• What is expected
Starting with the opening line of the entries below, transcribe each line exactly up to and including the one that has "近日,廣東省高新技術(shù"; pictures are not copied.

• Material shown
.....

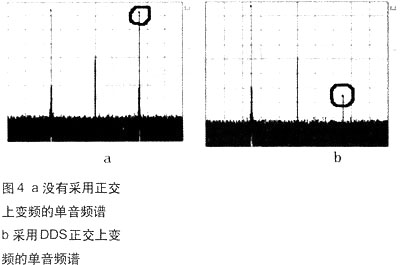 如图3所示,虽然DDS具有良好的频率特性和相位特定,但在测控通信系统中设备往往工作在VHF、UHF、L/S/C等频率较高的频段,而DDS无法直接满足UHF频段以上的频率要求,必须进行上变频。通常用锁相环(PLL)反馈环路中的DDS进行上变频,但受到PLL的锁定时间及带宽的影响,这种方式不适合频率高速变化的场合。此时,采用AD9959,对两个正交的DDS通道进行单边带上变频,其中两路DDS作为I/Q通路,另两路DDS作为相位相差90度的本振信号源,这种方法非常适合快速跳频系统,不但保证了本振与I/Q数据的同步而且有效地抑止了冗余边带的产生。由于冗余边带的显著减小,滤波器设计难度也大大降低。图4比较了采用DDS正交上变频方案与PLL上变频的冗余边带抑制能力。
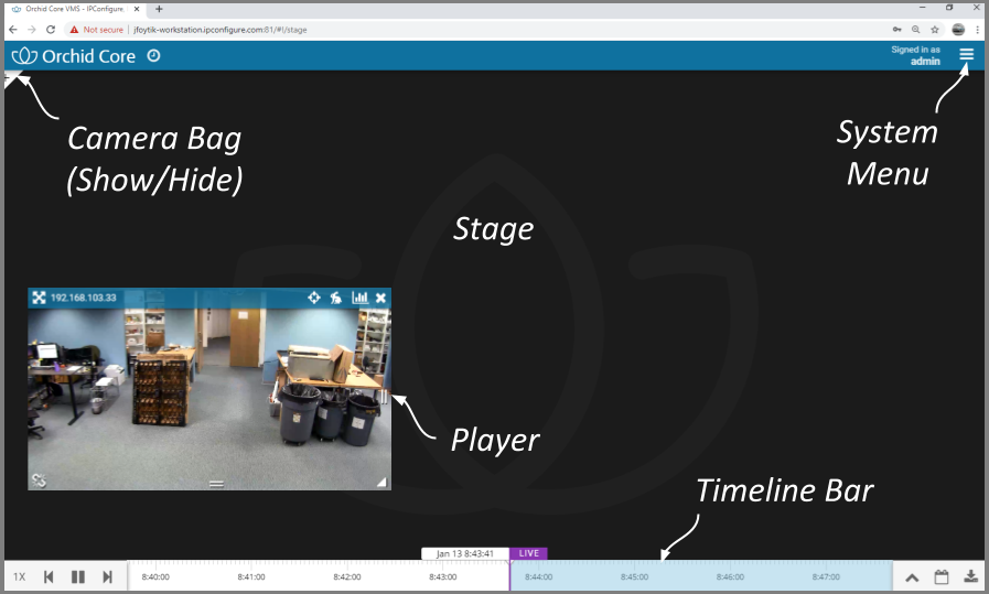 After you sign in, Orchid Core VMS will open at the Stage screen. This is the main viewing area in Orchid Core VMS and includes access to the Camera Bag, Timeline Bar (if your user permissions allow), and the System Menu. Orchid Core VMS automatically resizes itself for different sized screens and resolutions, so you will enjoy the same user interface on many devices like a desktop computer, tablet, mobile phone, etc.
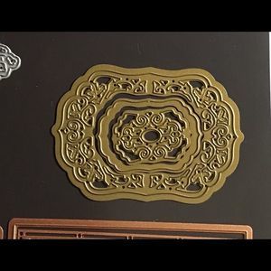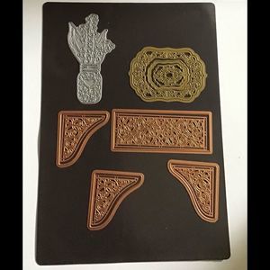 Bundle includes 3 corner die sets, panel die set, vase with flowers from Tattered Lace and 3 pc embellishment set from Couture Dies. Corner and panel dies are from Spellbinders. DS 158 BX 6
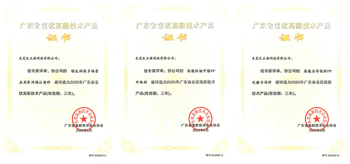 近日,廣東省高新技術(shù)企業(yè)協(xié)會公布了2025年第一批廣東省名優(yōu)高新技術(shù)產(chǎn)品名單。東莞巨正源科技有限公司的“綠色環(huán)保多場景應(yīng)用聚丙烯注塑料”、“紡能恒韌中熔PP纖維料”、“高透潔凈低析PP吹膜專用料”三項(xiàng)產(chǎn)品憑借卓越的產(chǎn)品品質(zhì)、創(chuàng)新的產(chǎn)品技術(shù)和領(lǐng)先的市場地位,榮獲“廣東省名優(yōu)高新技術(shù)產(chǎn)品”稱號。
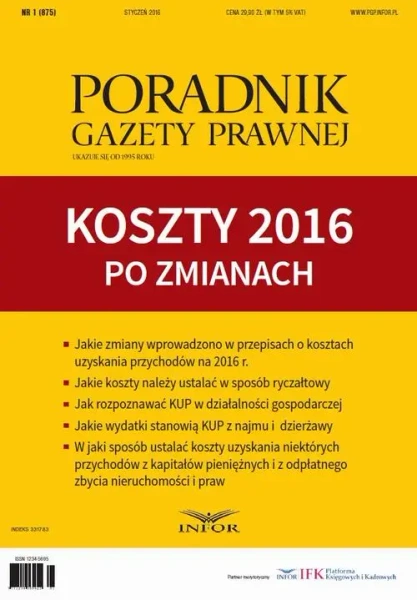 Z początkiem 2016 r. w ustawach o podatkach dochodowych wprowadzono kilka istotnych zmian dotyczących kosztów uzyskania przychodów. Z publikacji Czytelnik dowie się m.in., jak od 2016 roku: - rozliczać dla celów KUP niezapłacone faktury, - korygować KUP, - kwalifikować wydatki związane z obejmowaniem dzieci pracowników opieką. Ponadto opracowanie obszernie omawia: - zasady rozpoznawania kosztów uzyskania przychodów z działalności gospodarczej, - rodzaje kosztów ustalanych w sposób ryczałtowy oraz zasady ich rozliczania, - sposoby ustalania KUP z najmu i dzierżawy, - zasady ustalania kosztów od niektórych przychodów z kapitałów pieniężnych, - sposoby ustalania i rozliczania kosztów uzyskania przychodów z odpłatnego zbywania nieruchomości i niektórych praw.
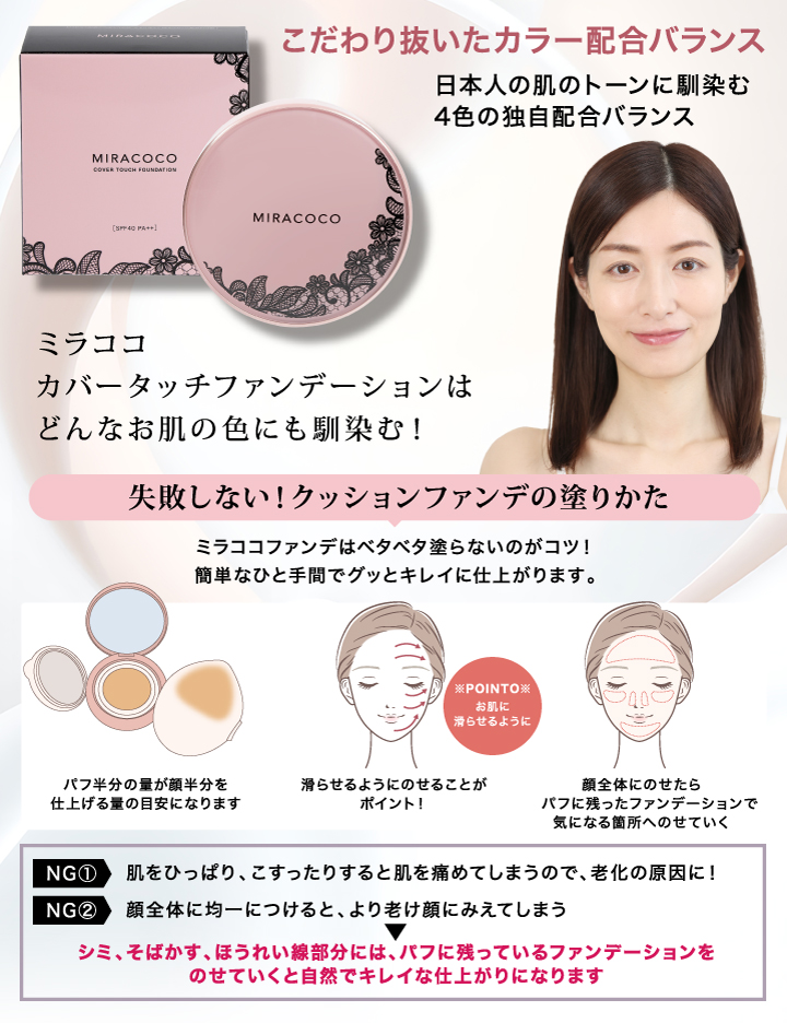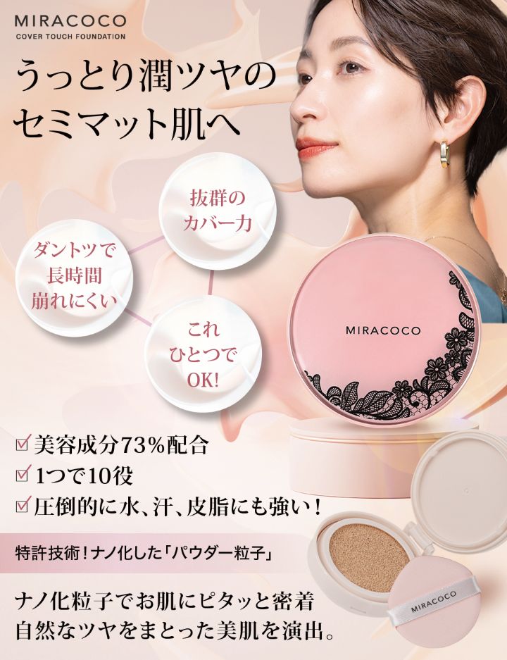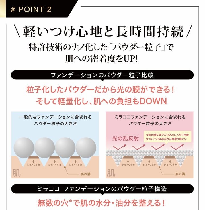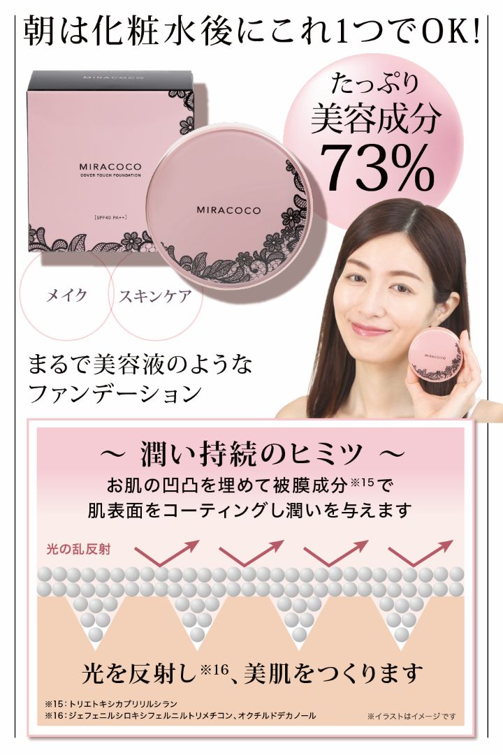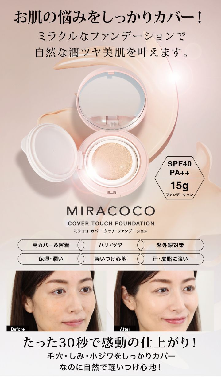 一般的なファンデーションは、なかなかお肌に密着せずにすぐに崩れてしまうことも。理由は、粒子の粒が大きく肌への密着度が低いので、ファンデーションがお肌から離れてしまうのです。この「MIRACOCO ミラココカバータッチファンデーション」は、独自の技術「密着シールドテクノロジー」 で、ファンデーションの粒子を小さく小さく、ミクロ化する技術で、お肌にピタッと密着!ミクロの粒子がお肌に吸い付くので、長時間崩れにくく、気になる所は全部カバーしてくれます!薄づきなのにしっかりカバー。ファンデーションなのに、美容液がたっぷり配合されているので、付けている間ずーっと、お肌に優しく潤いを与え続けてくれます。
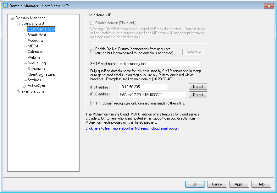 In most cases the FQDN will be either the Domain name or a subdomain of it (for example, “mail.example.com”), but an IP literal syntax such as “[192.0.2.0]” may also be used. When no FQDN value is specified, MDaemon will use the Default Domain’s FQDN.
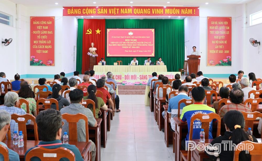 Tại Hội nghị, cử tri được giới thiệu tiểu sử tóm tắt của những người ứng cử đại biểu HĐND tỉnh, nhiệm kỳ 2026 - 2031 thuộc Đơn vị bầu cử số 9, gồm các đồng chí: Trần Văn Lập, Ủy viên Ban Thường vụ Đảng ủy, Phó Chủ tịch HĐND xã Tháp Mười; Lê Thị Trúc Linh, Phó Chủ tịch Ủy ban MTTQ Việt Nam đồng thời là Chủ tịch Hội Liên hiệp Phụ nữ xã Đốc Binh Kiều; Nguyễn Văn Vũ Minh, Tỉnh ủy viên, Giám đốc Sở Nội vụ tỉnh; Nguyễn Thị Hồng Thắm, Phó Trưởng phòng Tài chính Kế toán, Công ty Điện lực Đồng Tháp; Phan Văn Thương, Ủy viên Ban Thường vụ Tỉnh ủy, Trưởng Ban Nội chính Tỉnh ủy Đồng Tháp.
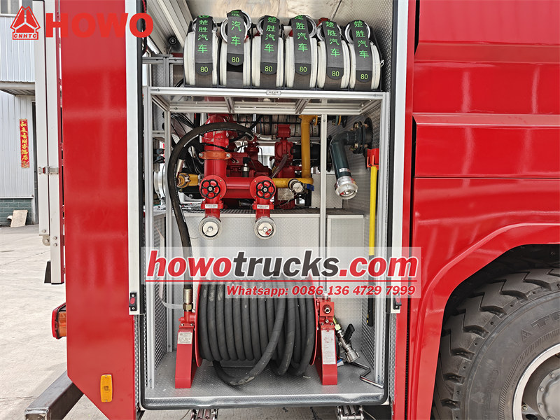 Το κορυφαίο κινεζικό πυροσβεστικό όχημα Sinotruk HOWO Water Foam Fire Truck είναι ένα επαγγελματικό πυροσβεστικό όχημα κατασκευασμένο σε πλαίσιο φορτηγού εκτός δρόμου HOWO 4×4, με κινητήρα ντίζελ WEICHAI 400HP και χειροκίνητο κιβώτιο ταχυτήτων HW19710. Το πυροσβεστικό όχημα HOWO είναι εξοπλισμένο με δεξαμενή νερού 6000L και δεξαμενή αφρού 2000L, όλα κατασκευασμένα από ανοξείδωτο χάλυβα #304. Είναι τοποθετημένο με πυροσβεστική αντλία CB10/60 και σύστημα παρακολούθησης πυρκαγιάς αφρού νερού PL8/48, με αποτελεσματική απόσταση εκτόξευσης άνω των 65 μέτρων. Η προσαρμοσμένη καμπίνα διπλής σειράς φιλοξενεί έξι άτομα και περιλαμβάνει κλιματισμό και ηλεκτρονικές συσκευές, εξισορροπώντας την αποτελεσματικότητα της πυρόσβεσης με την άνεση λειτουργίας, καθιστώντας την ιδανική επιλογή για την αντιμετώπιση διαφόρων σεναρίων πυρκαγιάς σε αστικές περιοχές.
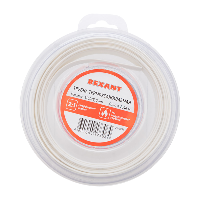 ТУТ 10,0/5,0 мм белая, ролик 2,44 м REXANT-заказ
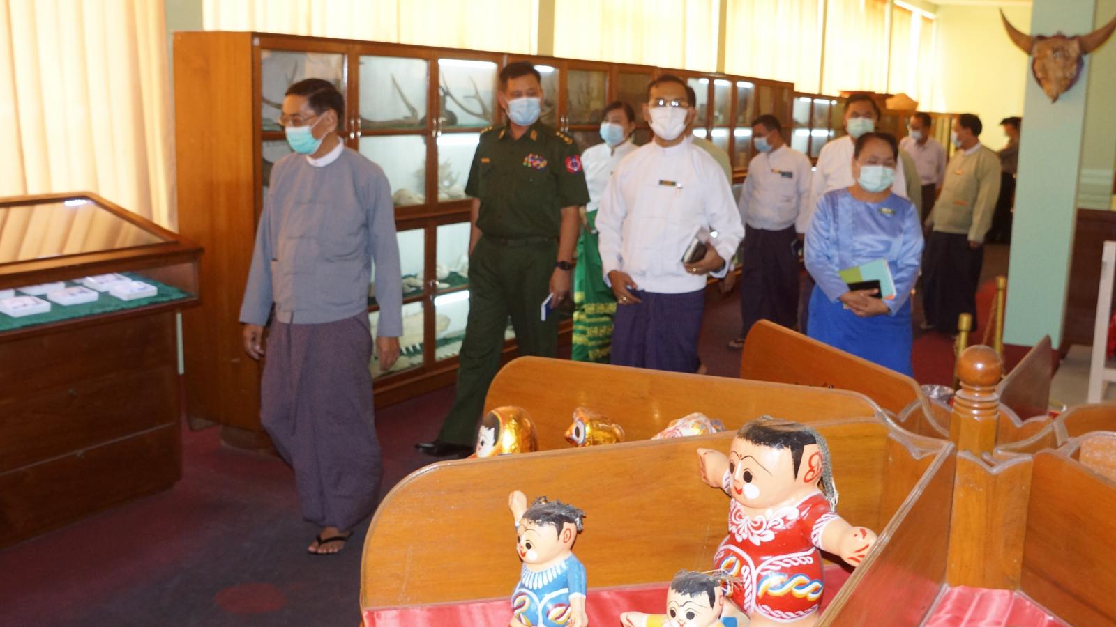 ယင်းနောက် အုန်းတောကျေးရွာ ပြည်ထောင်စုတိုင်းရင်းသားလူငယ်များ စွမ်းရည်ဖွံ့ဖြိုးရေးဒီဂရီကောလိပ်နှင့် ရွာသစ်ကြီး ပြည်ထောင်စုတိုင်းရင်းသားလူမျိုးများဖွံ့ဖြိုးရေးတက္ကသိုလ်ကျောင်းသို့ ရောက်ရှိရာ တာဝန်ရှိသူအကြီးအကဲများက ကြိုဆိုခဲ့ကြပြီး သက်ဆိုင်ရာအစည်းအဝေးခန်းမများ၌ ခေတ္တပါမောက္ခချုပ်နှင့် ကျောင်းအုပ်ကြီးတို့က ကျောင်းများ၏ အချက်အလက်နှင့် သမိုင်းအကျဉ်းတို့ကို ရှင်းလင်းတင်ပြခဲ့ကြပြီး ကျောင်းများရှိ စာကြည့်တိုက်များ၊ စာသင်ဆောင်များ၊ အိပ်ဆောင်နှင့် စားသောက်ဆောင်များကို လှည့်လည်ကြည့်ရှု စစ်ဆေးခဲ့ကြောင်းသိရသည်။
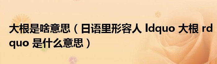 关于大根是啥意思,日语里形容人 ldquo 大根 rdquo 是什么意思这个很多人还不知道,今天菲菲来为大家解答以上的问题,现在让我们一起来看看吧!
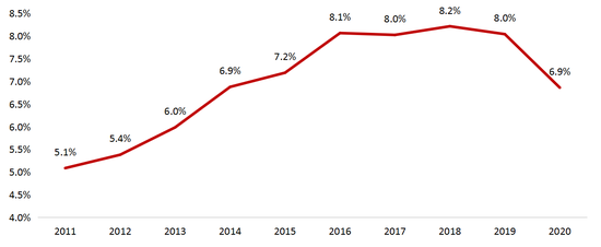 1.整体集团贡献度明显下降,主要受盈利下滑拖累。2020年,五大行境外资产规模的集团贡献度由11.6%降至10.5%,建行降幅最大,为1.7个百分点;境外税前利润的平均集团贡献度由9.5%下降至7.0%;境外员工人数的集团贡献度由3.0%上升至3.1%,其中中行、交行分别提升了0.1个百分点。以资产规模、税前利润和员工人数等三方面的平均集团贡献度作为国际化水平的衡量指标来看,五大行国际化水平已连续两年出现下降(图3)。其中,境外机构盈利明显下滑是国际化水平下降的主要驱动因素。2020年五大行境外机构营业收入规模合计3387亿元,同比下降0.5%,为近十年来第二次负增长;税前利润合计926亿元,同比下降26%。相比而言,五大行集团层面的营收和税前利润均实现平稳增长,使得境外机构盈利贡献度明显下滑。
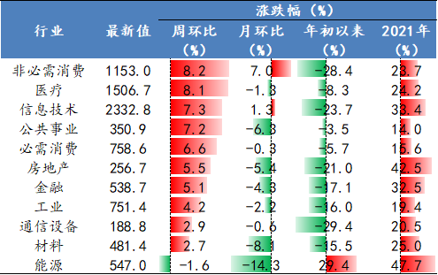 行业方面,本周(6.20-6.24)一级行业多数上涨。其中,电力设备(8.0%)、汽车(5.8%)、家用电器(5.5%)、国防军工(5.0%)、机械设备(4.1%)领涨;煤炭(-6.0%)、石油石化(-5.0%)、有色金属(-2.6%)、建筑装饰(-0.9%)、基础化工(-0.8%)领跌。领涨行业的主要原因:(1)电力设备,其中风电、光伏领涨,因新能源发电设备需求旺盛,加之上游有色金属价格下跌;(2)汽车和家用电器,作为稳定经济的一揽子政策中刺激消费的两大主力,政策刺激叠加复工刺激产销;(3)国防军工,国际环境不确定性加深,国防军工迎快速发展期。领跌行业的主要原因:(1)煤炭、石油石化、有色金属,本周大宗商品全线承压,有色、煤炭、原油价格悉数大幅下挫。
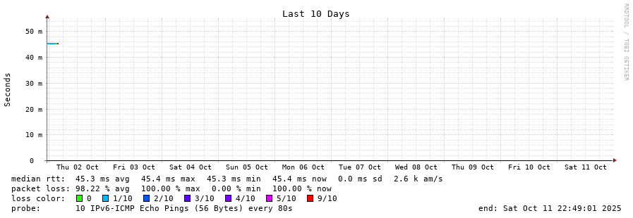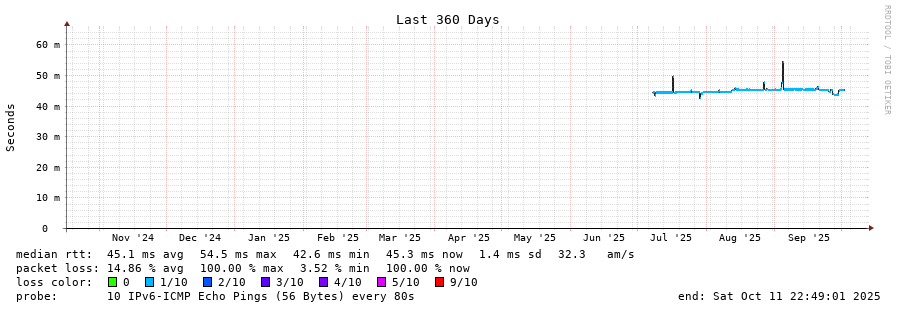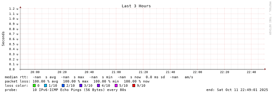 traceroute to 2a00:c560:c0c0:1a1a::9 (2a00:c560:c0c0:1a1a::9), 30 hops max, 80 byte packets - Generated at 2025-10-11 22:30:01
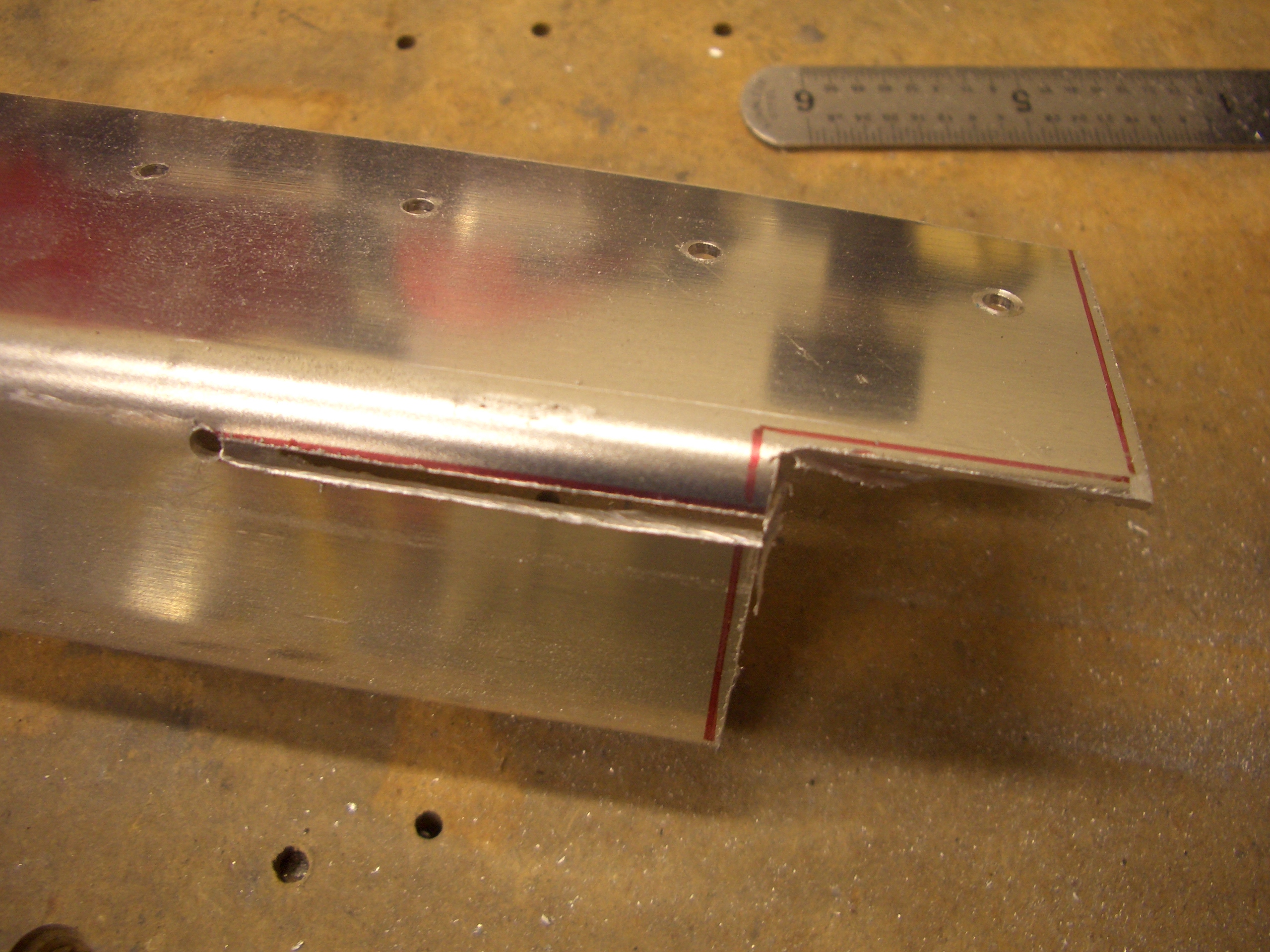 The plans specify attachment straps that connect F-623 to F-705 that are 3/4″ wide. This is too wide to hit just one row of rivets here, but not wide enough to catch both rows. Most builders just narrow the strip to 1/2″ and catch just the outer row of rivets, but I decided to make the strip a little wider and catch both rows of rivets.

.....

• Task answer
 如图3所示,虽然DDS具有良好的频率特性和相位特定,但在测控通信系统中设备往往工作在VHF、UHF、L/S/C等频率较高的频段,而DDS无法直接满足UHF频段以上的频率要求,必须进行上变频。通常用锁相环(PLL)反馈环路中的DDS进行上变频,但受到PLL的锁定时间及带宽的影响,这种方式不适合频率高速变化的场合。此时,采用AD9959,对两个正交的DDS通道进行单边带上变频,其中两路DDS作为I/Q通路,另两路DDS作为相位相差90度的本振信号源,这种方法非常适合快速跳频系统,不但保证了本振与I/Q数据的同步而且有效地抑止了冗余边带的产生。由于冗余边带的显著减小,滤波器设计难度也大大降低。图4比较了采用DDS正交上变频方案与PLL上变频的冗余边带抑制能力。
 After you sign in, Orchid Core VMS will open at the Stage screen. This is the main viewing area in Orchid Core VMS and includes access to the Camera Bag, Timeline Bar (if your user permissions allow), and the System Menu. Orchid Core VMS automatically resizes itself for different sized screens and resolutions, so you will enjoy the same user interface on many devices like a desktop computer, tablet, mobile phone, etc.
 Bundle includes 3 corner die sets, panel die set, vase with flowers from Tattered Lace and 3 pc embellishment set from Couture Dies. Corner and panel dies are from Spellbinders. DS 158 BX 6
 近日,廣東省高新技術(shù)企業(yè)協(xié)會公布了2025年第一批廣東省名優(yōu)高新技術(shù)產(chǎn)品名單。東莞巨正源科技有限公司的“綠色環(huán)保多場景應(yīng)用聚丙烯注塑料”、“紡能恒韌中熔PP纖維料”、“高透潔凈低析PP吹膜專用料”三項(xiàng)產(chǎn)品憑借卓越的產(chǎn)品品質(zhì)、創(chuàng)新的產(chǎn)品技術(shù)和領(lǐng)先的市場地位,榮獲“廣東省名優(yōu)高新技術(shù)產(chǎn)品”稱號。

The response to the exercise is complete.